It’s that time of year again, when many people add charitable giving to their busy holiday to-do list. Year-end giving can come with great benefits, of course, and now is a good time to refresh on some highlights, as well as finer points that can get donors in trouble. An article in this week’s Wall Street Journal article gives some solid pointers on giving options to consider—and snags to avoid.
- Consider stock donations. This is a good year to give away appreciated stock, given 2013’s combination of stock price boosts and tax increases. But, as always, avoid giving away stocks that are worth less than you paid for them—those should be sold instead with proceeds then donated to charity, so that losses can be used to trim taxes.
- Take advantage of IRA opportunity. Those who are 70½ or older can transfer as much as $100,000 from an individual IRA to a qualifying charity, without that amount being included in their income. In addition, the transfer counts toward their required minimum distribution. While the transfer is not deductible, it isn’t included in income and as such won’t increase adjusted gross income (which can lead to phase-out of deductions and exemptions, and potentially increased taxes). It isn’t clear whether this benefit will be extended beyond this year, so check this one off the list now!
- Look into donor-advised funds. These funds come with some great advantages, including a current tax deduction and the flexibility to recommend gifts to charities in the future (i.e., not all money donated to a fund this year needs to be paid out to charities this year).
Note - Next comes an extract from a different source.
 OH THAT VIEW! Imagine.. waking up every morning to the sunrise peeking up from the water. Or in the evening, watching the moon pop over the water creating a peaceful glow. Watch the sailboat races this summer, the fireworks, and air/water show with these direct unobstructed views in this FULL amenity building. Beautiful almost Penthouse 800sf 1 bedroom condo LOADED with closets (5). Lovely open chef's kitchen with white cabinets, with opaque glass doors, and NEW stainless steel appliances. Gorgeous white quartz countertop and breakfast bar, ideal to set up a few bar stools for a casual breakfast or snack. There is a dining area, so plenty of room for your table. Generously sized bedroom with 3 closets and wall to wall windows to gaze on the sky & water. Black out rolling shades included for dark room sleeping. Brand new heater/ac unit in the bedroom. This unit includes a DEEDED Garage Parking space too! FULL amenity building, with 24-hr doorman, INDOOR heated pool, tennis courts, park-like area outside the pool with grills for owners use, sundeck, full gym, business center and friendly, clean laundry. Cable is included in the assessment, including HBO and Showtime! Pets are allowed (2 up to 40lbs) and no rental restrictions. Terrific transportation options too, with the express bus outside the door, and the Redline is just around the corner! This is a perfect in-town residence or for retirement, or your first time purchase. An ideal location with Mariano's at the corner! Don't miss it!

But be sure to shop around and make sure the organization’s policies are a good fit—many organizations offer donor-advised funds that vary in terms of minimum donation amounts, ability to name successor advisers, and associated fees.
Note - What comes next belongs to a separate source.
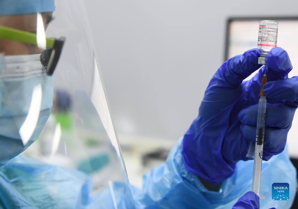 A medical worker prepares a booster shot of COVID-19 vaccine at a vaccination clinic in Fanyu District of Guangzhou City, south China's Guangdong Province, Oct. 18, 2021. Guangzhou has started to give booster shots of COVID-19 vaccine to people aged over 18 who received the second dose of inactivated vaccine or the first dose of adenovirus vector vaccines at least six months ago. (Xinhua/Deng Hua)

- Make sure to get receipts. Donations of $250 or more require a contemporaneous receipt from the IRS that acknowledges the gift and whether the charity gave the donor anything in exchange for the donation—and if so, a good faith estimate of its value. Gifts of property can carry additional requirements; see IRS Publication 526 for more information.
The IRS also has issued some year-end giving guidance, which includes reminders about some basic requirements:
- Contributions are deductible in year made. This means that a donation made by credit card before year-end is deductible this year, even if the credit card bill isn’t paid until 2014.
- Recipient must be eligible charity. Use the IRS Exempt Organization Select Check feature to confirm 501(c)(3) status and whether an organization is a public charity or private foundation—though keep in mind that churches, synagogues, temples, mosques and government agencies are eligible to receive deductible donations, even if they are not listed.
- Taxpayers must itemize to take advantage of charitable deduction.
- Keep in mind requirements for certain donations. For example, donations of vehicles often will be limited to the price a charity receives for selling it (rather than fair market value). And donations of clothing or household items need to be in good used condition or better.
All in all, year-end giving allows you to combine financial planning with the altruistic spirit of the season, and opportunities abound!